Building thereon, safety coefficients for the critical systems (for example, stability, leg overload, and torque on the rotating mechanism) can be calculated (safety-critical part of the control) in each case for the present situation (mast position, operating loads, and inclination).

In addition, non-safety-critical safety coefficients can also be calculated in the present mast position and inclination with maximum operating loads on the arm (for example, statements with respect to “can I also pump in this setup situation and/or arm position and/or inclination?”. They are used only to inform the operating personnel and have no consequences in the control.

A display can be provided for the operating personnel, in which in each case only the minimal safety factor for present load and maximum load is displayed. The machine operator can thus see whether he can also pump in the present position, and the machine unexpectedly rejecting this as a load-torque-increasing process is avoided.

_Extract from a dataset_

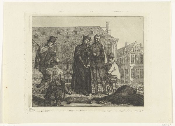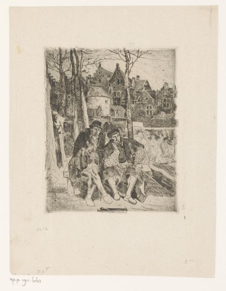 Curator: Immediately striking is the stark contrast achieved within the delicate lines of this etching. There’s an intimacy here, despite the very public setting. Editor: It's wonderfully bleak. The skeletal trees against those clustered houses evoke such a palpable sense of… existential weariness. Almost a haunted quality in the everyday. Curator: That's an interesting reading! The print is entitled "Faust and Wagner," completed in 1869 by Henri Leys. What we're viewing is a depiction of Goethe's famous characters, in what appears to be an ordinary town square. Editor: The attire feels consciously symbolic, doesn't it? Faust, older and more distinguished, perhaps representing wisdom accumulated – or maybe knowledge turned to disillusionment. While Wagner appears in somewhat finer garb, a more ornate design, connoting worldly ties that Faust has abandoned. Curator: And there you see the social element emerging; these figures aren’t just literary archetypes – their fashion reads clearly to the nineteenth-century viewer as signifiers of wealth and class standing in direct conversation with notions of scholarly identity and philosophical debate within rapidly changing social structures. The image seems both rooted in Romanticism, yet very much engaged with the period it was created in. Editor: I agree, though it’s fascinating how timeless the central theme is. Aren't we all continually weighing intellectual pursuit versus lived experiences? What's power but a Faustian bargain writ large? Curator: Yes, and notice the use of the town square—a deliberate placement by Leys to draw lines connecting profound, individualized moral struggle with the public eye. Are we doomed to watch the cycles play out? Editor: So many interpretations can rise to the surface in this piece, and yet it remains anchored by those weary gazes and a feeling of historical inevitability. What better symbol than that? Curator: Precisely. Art such as this reveals just how layered history always is; the cultural impact of Goethe playing off the societal context of artistic production to subtly influence what a work is allowed to communicate, across decades.

FIGS. 5 to 8 show exemplary illustrations of generating a display for the operating personnel.

FIG. 5 shows an exemplary illustration of a permissible mast torque in the case of extreme inclination α in the longitudinal direction L of the mobile concrete pump 10 with full support (i.e., with fully extended support legs 14). The illustration of FIG. 5 shows how a visual display of an overall restriction of the movement radius of the mast structure 18 of the mobile concrete pump 10 is composed of a consideration of partial restrictions. In a first image D1.1, the mobile concrete pump 10 is shown very schematically having completely extended support legs 14 in a top view, surrounded by a solid circular line Z, which represents the permissible torque with level (i.e., inclination-free) full support (ideal case). The circular line Z thus represents the maximum action circle of the mobile concrete pump. In the first image D1.1, moreover the restriction of the action circle due to impermissible support leg longitudinal and transverse forces (cf. FIGS. 3 and 4) in the specific inclination of the machine is shown by dashed line L1.1. A second image D1.2 shows, using dashed lines L1.2, the restriction of the action circle due to increased rotating mechanism torques in the specific inclination of the machine, and a third image D1.3 shows, using dashed line L1.3, the superposition of the restrictions L1.1 and L1.2, thus the limit of the maximum permissible torque with present support and inclination.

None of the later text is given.